### Record set
======

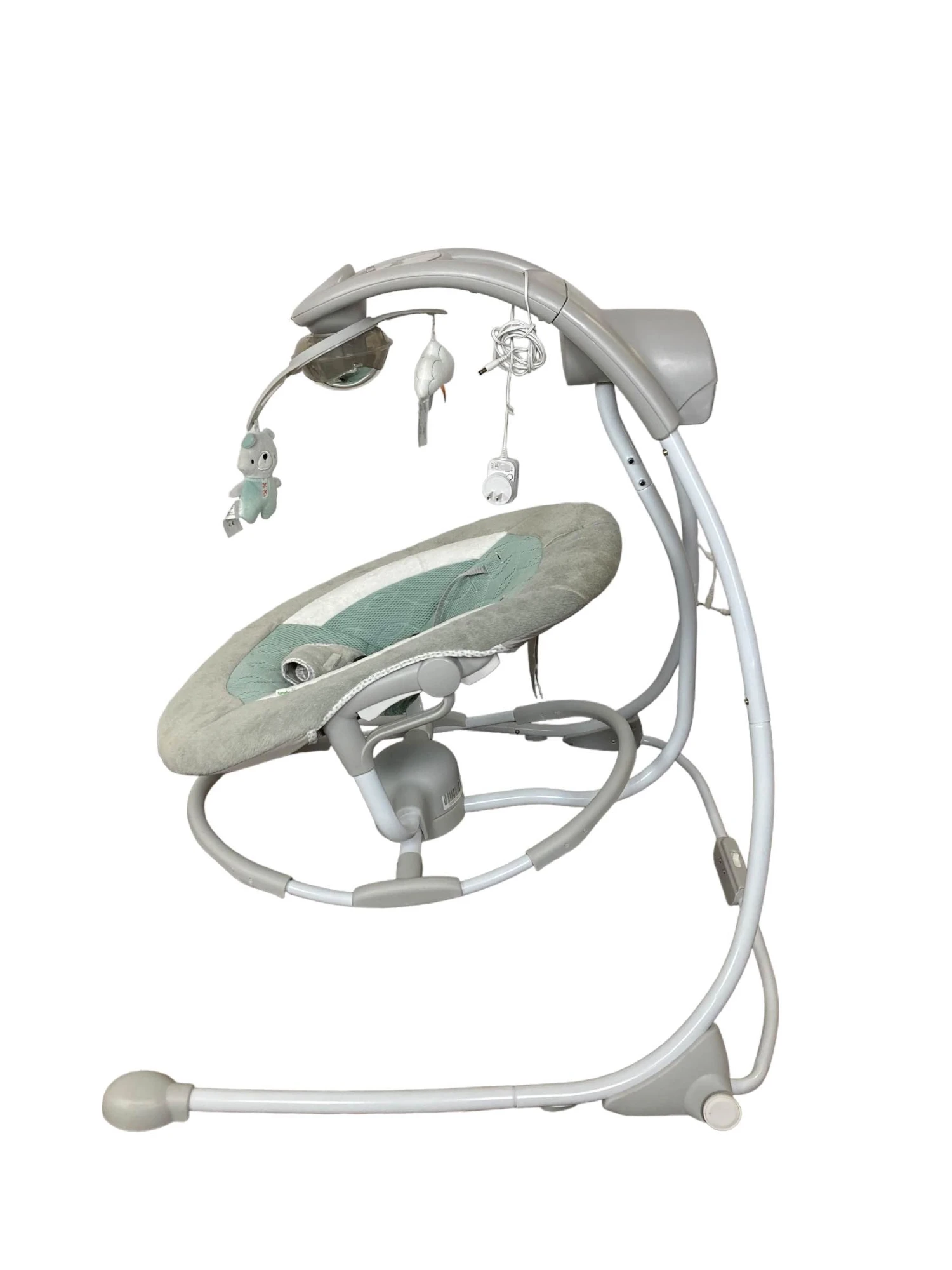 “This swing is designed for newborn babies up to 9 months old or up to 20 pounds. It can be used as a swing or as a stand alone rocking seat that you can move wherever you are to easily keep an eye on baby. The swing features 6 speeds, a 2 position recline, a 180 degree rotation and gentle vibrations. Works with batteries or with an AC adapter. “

======

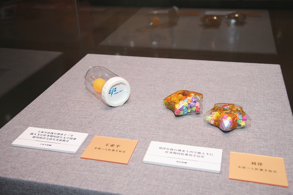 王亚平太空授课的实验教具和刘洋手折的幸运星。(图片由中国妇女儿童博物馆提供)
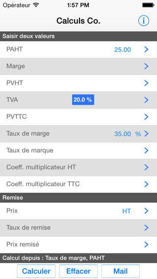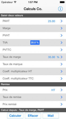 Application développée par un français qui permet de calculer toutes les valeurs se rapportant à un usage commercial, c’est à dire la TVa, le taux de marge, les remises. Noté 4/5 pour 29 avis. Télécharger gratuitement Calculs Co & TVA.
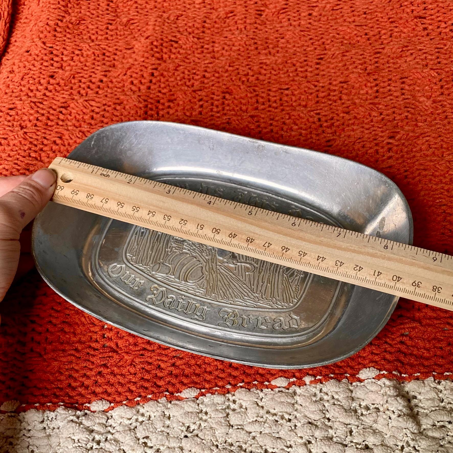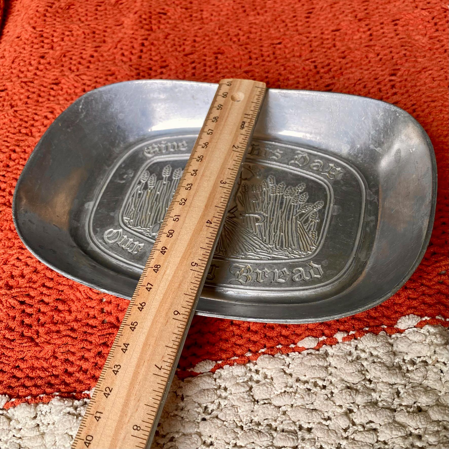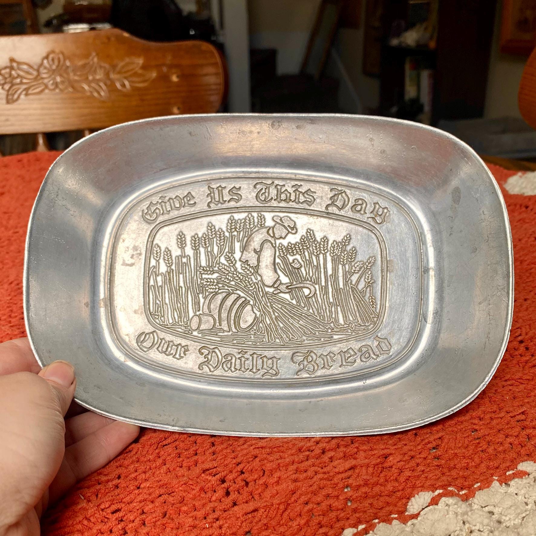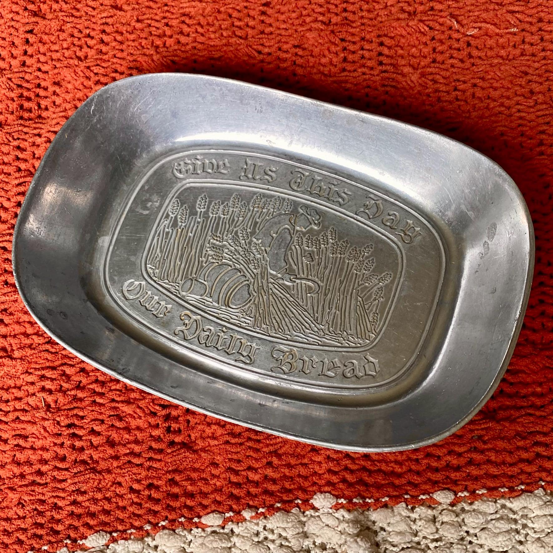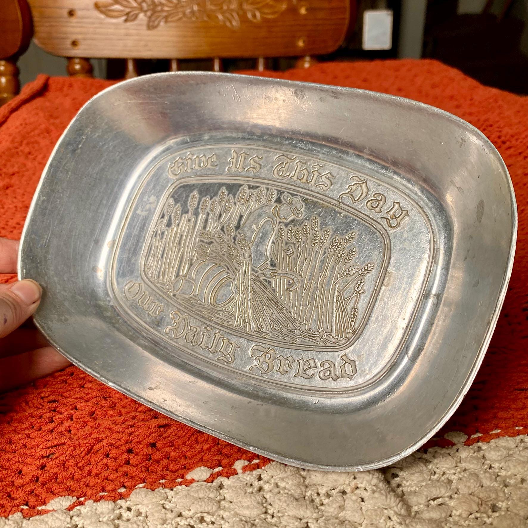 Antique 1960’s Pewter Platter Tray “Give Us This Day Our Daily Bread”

======

### Aim of the exercise
Exact repeat of the material above: every line from the one with "Application développée par" through the one with "Antique 1960’s Pewter", endpoints included, and nothing more. No pictures.

### Solution below
 Application développée par un français qui permet de calculer toutes les valeurs se rapportant à un usage commercial, c’est à dire la TVa, le taux de marge, les remises. Noté 4/5 pour 29 avis. Télécharger gratuitement Calculs Co & TVA.
 Antique 1960’s Pewter Platter Tray “Give Us This Day Our Daily Bread”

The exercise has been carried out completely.